Bis zum letzten Atemzug
Mit seiner ruhigen, sanften Art war er Will im Umgang mit den Rindern eine große Hilfe. Zudem war er ein verlässlicher und harter Arbeiter, der Will nicht nur bei der täglichen Arbeit half, sondern auch ein Stück Land von Will gepachtet hatte, auf dem er Gemüse und Getreide anbaute, um eines Tages, so hoffte er, ein eigenes Stück Land in Iowa erwerben zu können. Als Daniel näher kam, sah Will, dass seine normalerweise gelassene Miene einem Ausdruck der Sorge gewichen war. Will wusste sofort, dass irgendetwas nicht stimmte.
»Die Schule«, sagte Daniel atemlos, seine Wangen rot, seine Nase lief dank der beißenden Kälte. »Irgendetwas ist an der Schule los.« Er wischte sich mit dem Ärmel die Nase ab.
»Was ist passiert?« Wills Herz schlug schneller, und schuldbewusst erkannte er, dass seine Gedanken zuerst zu P. J. geeilt waren; Augie fiel ihm erst einen Augenblick später ein.
»Irgendwas mit einem bewaffneten Mann.« Daniel nahm seine Mütze ab. »Meine Schwester hat mich gerade angerufen. Meine Nichte und mein Neffe gehen auf die Schule – sie ist vollkommen panisch. Sie meint, eine große Gruppe Eltern wäre an der Schule und versucht herauszufinden, was vor sich geht.«
»Meine Schwiegertochter unterrichtet die vierte Klasse.« Nun nahm Will auch seine Mütze ab. »Ich muss meinen Sohn anrufen. Willst du zu deiner Schwester fahren?«, fragte er und biss sich auf die Unterlippe.
»Ich dachte, du willst vielleicht nach P. J. und Augie sehen«, erwiderte Daniel. Er griff in seine Tasche und holte ein Taschentuch heraus, mit dem er sich die Nase putzte. »Und natürlich nach Todds Frau.«
»Danke, das weiß ich sehr zu schätzen, Dan«, erwiderte Will dankbar. »Nummer siebenundachtzig und Nummer hundertvierunddreißig werden heute noch kalben. Kannst du in der Nähe bleiben?« Er zeigte auf eine breitschultrige Schwarzbunte, deren Euter und die geschwollenen Flanken aussahen, als wollten sie jeden Moment platzen.

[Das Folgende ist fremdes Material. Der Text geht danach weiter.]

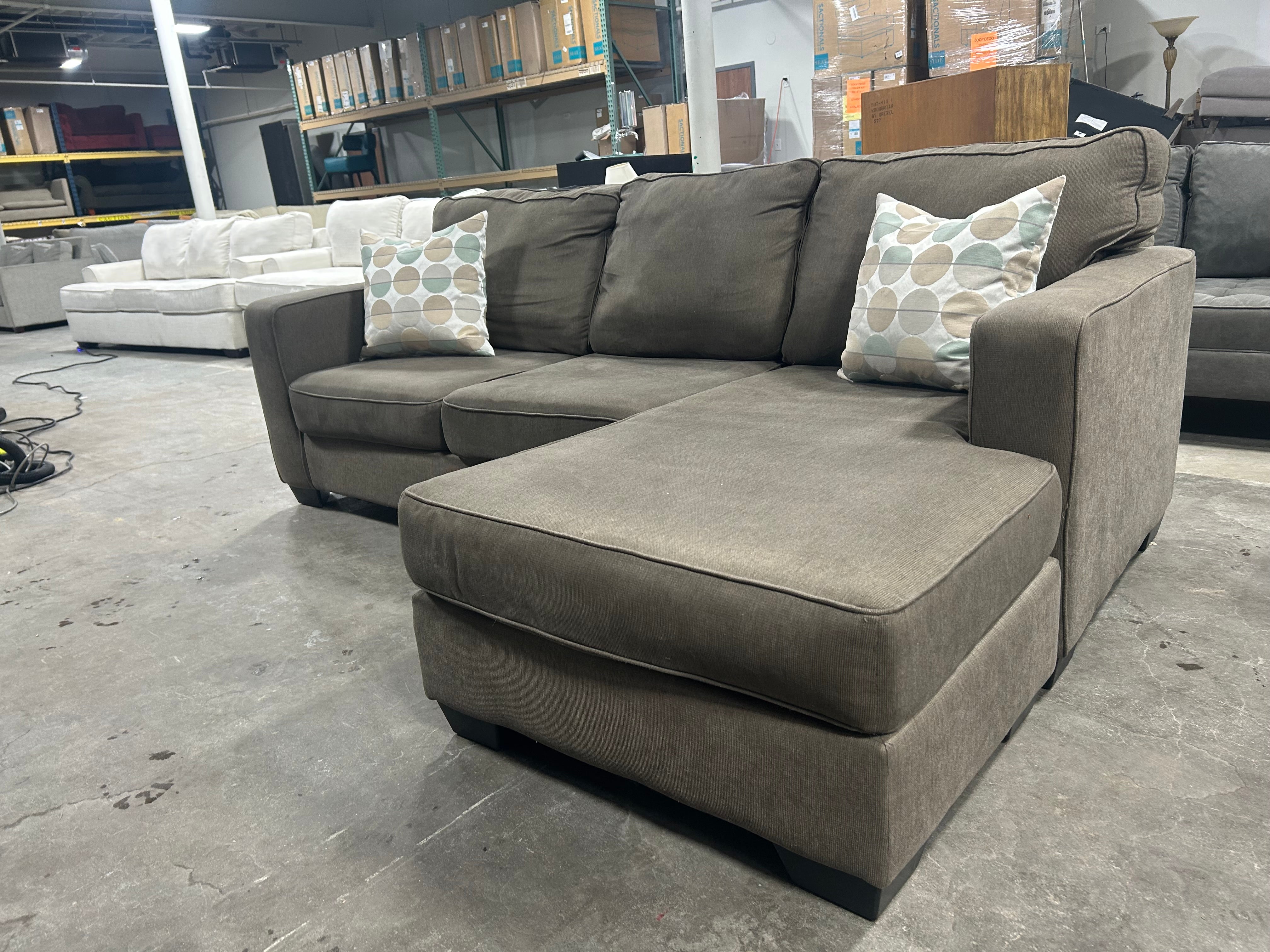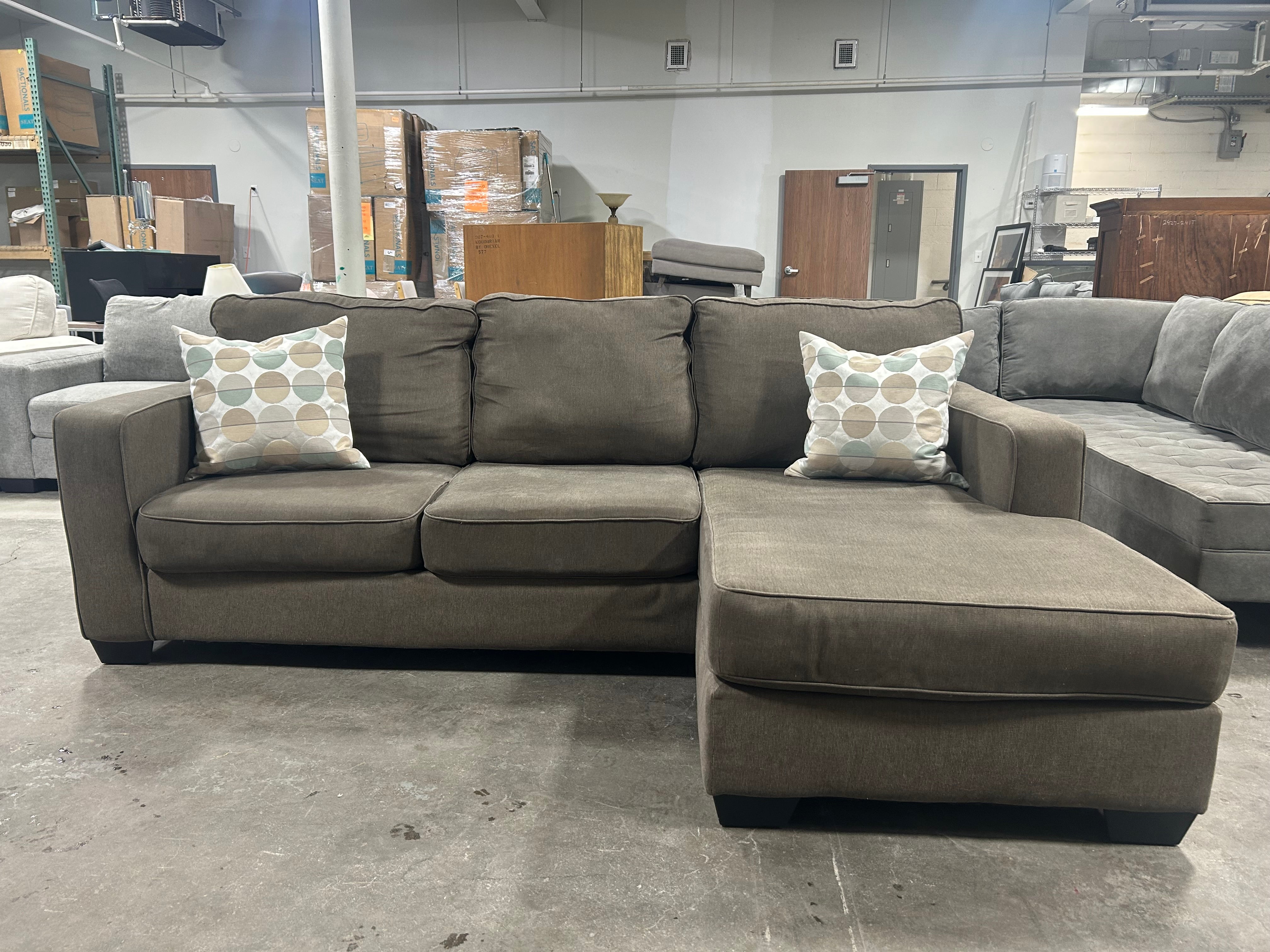 "Looking for the perfect addition to your living room? Check out our EXCELLENT condition Contemporary Taupe Reversible Chaise Sectional! This versatile piece offers a reversible chaise, making it perfect for any room layout. The neutral taupe color will easily complement any decor style. With dimensions of 92”x64”x38”x31”, this sectional is both spacious and cozy. Whether you're entertaining guests or lounging with your family, this sectional has got you covered.

»Verlass dich auf mich«, erwiderte Daniel und klopfte seinem Boss auf die Schulter. »Wenn du etwas Neues hörst, lass es mich wissen.«
Die beiden gingen schnell, aber schweigend zurück zum Haus. Die einzigen Geräusche waren der Wind, der zwischen den Außengebäuden hindurchpfiff, und das sanfte Muhen der Rinder, die sich nun satt und zufrieden zusammendrängten, um sich gegenseitig zu wärmen.
»Wer würde so etwas tun?«, brach Daniel schließlich das Schweigen und zog sich seine Mütze fester über die Ohren.
Will schüttelte überfragt den Kopf. Er kannte jeden Menschen in Broken Branch, und auch wenn es ein paar Verrückte gab, konnte er sich nicht vorstellen, dass einer von ihnen bewaffnet in eine Schule eindringen würde. »Ich weiß es nicht, Daniel. Ich werde hinfahren und sehen, was ich in Erfahrung bringen kann.« Er ging ins Haus und machte sich gar nicht erst die Mühe, seinen Overall oder die Arbeitsschuhe auszuziehen. Er nahm sich lediglich das Handy, das er selten benutzte, und durchquerte das Wohnzimmer, ohne darauf zu achten, dass seine Stiefel Dreck und Kuhdung auf Marlys gutem Teppich verteilten. In seinem kleinen Büro öffnete er das Schloss seines Waffenschranks, holte seine Mossberg 500 Pump Action Flinte heraus und steckte sich eine Schachtel Patronen in die Jackentasche. Nur für den Fall.
AUGIE
Mr Ellery tritt auf den Flur hinaus, und Noah und Justin folgen ihm bis zur Tür. »Setzt euch wieder hin. Sofort«, befiehlt er. Seine Stimme ist so ernst, dass selbst Noah ihm sofort gehorcht.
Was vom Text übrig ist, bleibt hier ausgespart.